Polaroid & Hired Fashion Cameramen

  • For projects without interpersonal interaction—like photographing graves or objects—she’d take Polaroids to frame her vision, then hire a professional to reproduce them at higher quality .

  • In portrait-style works (e.g., self-portraits), she sometimes commissioned fashion photographers, notably Jean-Baptiste Mondino, to execute the technical aspects.

Video & Still: Collaborative Crews

  • In projects combining film and stills, such as Voir la mer (2011), she employed a director of photography, e.g., Caroline Champetier, indicating a deliberate, collaborative production.

What This Reveals About Her Practice

  • Concept-first approach: Gear is secondary; technical precision is outsourced when needed.

  • Versatility: She adapts medium and tools—35 mm, Polaroid, hired professionals—based on each artwork's conceptual orientation.

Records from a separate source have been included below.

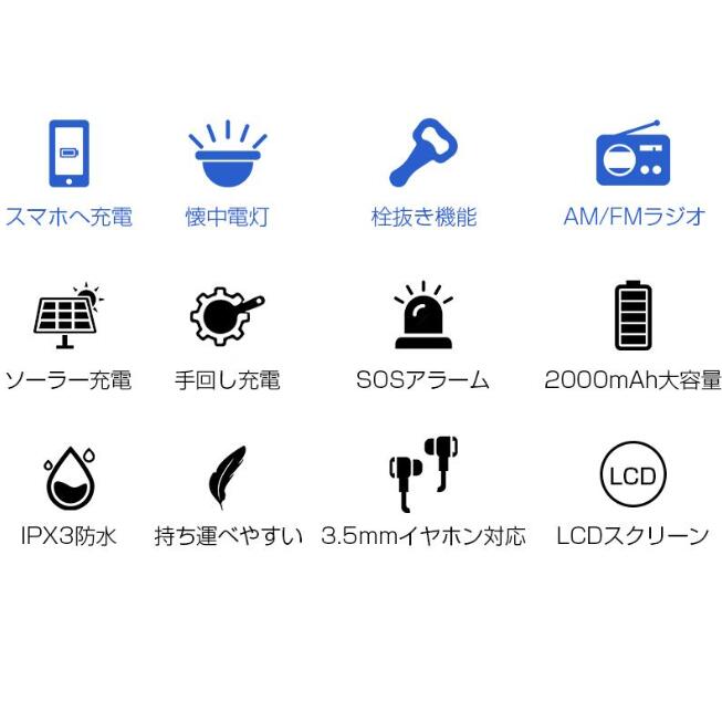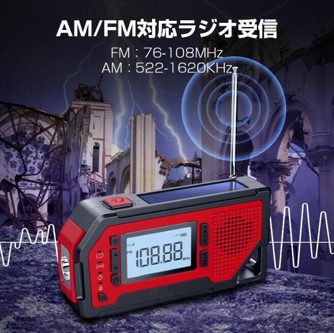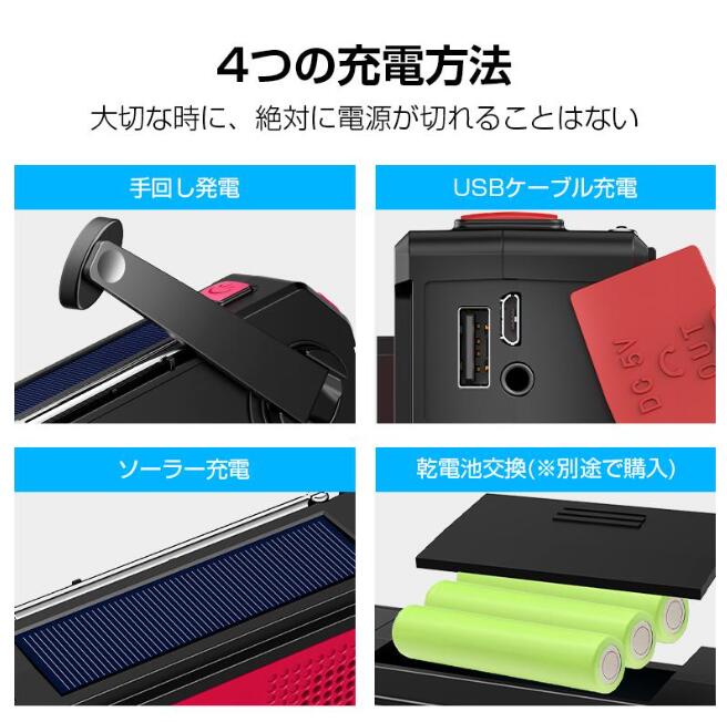 多機能防災ラジオ 防災グッズ ポータブルラジオ 防災グッズ AM/FMラジオ ワイドFM対応 携帯ラジオ 懐中電灯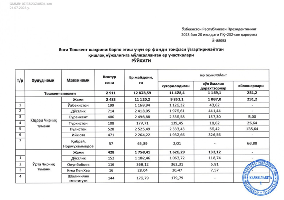 Из Юкоричирчикского и Уртачирчикского районов Ташкентской области передадут более 19 тысяч га земли для строительства города «Новый Ташкент», говорится в постановлении президента Шавката Мирзиёева.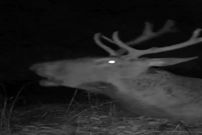 Gece saatlerinde ormanlık alanda görüntülenen kızıl geyik, attığı nara ile çevredeki sessizliği bozdu.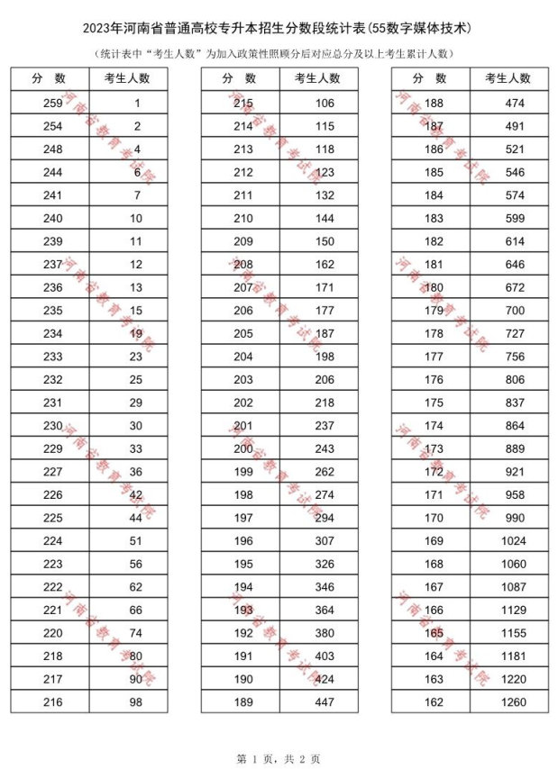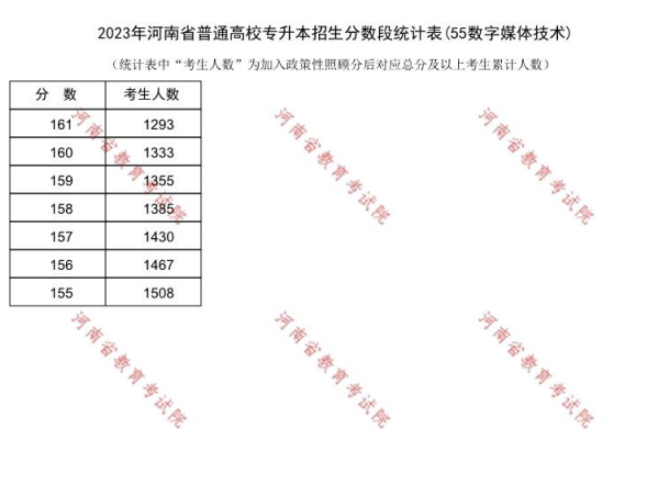 2023年河南专升本数字媒体技术专业一分一段表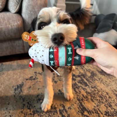 [This review was collected as part of a promotion.] My dog was very intrigued by this toy, and loved that she could chew both the soft part of the toy (green) and the tougher area of the gingerbread. This would make a great Christmas gift for any furry friend. However, the cup part of the toy is not extremely durable, so she easily broke into the stuffing within a few moments. However, fun was still had and I loved watching her enjoy this Christmas treat!

  • Collaborative flexibility: She treats technical photography as one element of her artistic process, involving experts when the idea demands it.

Bottom Line

Sophie Calle isn’t defined by a specific camera or lens. Her art demands that the tool matches the idea—whether shooting covertly in Venice with a mirror-equipped 35 mm, framing Polaroids as creative previews, or enlisting professional talent for polished outputs. Gear, in her world, is a means to conceptual and narrative ends.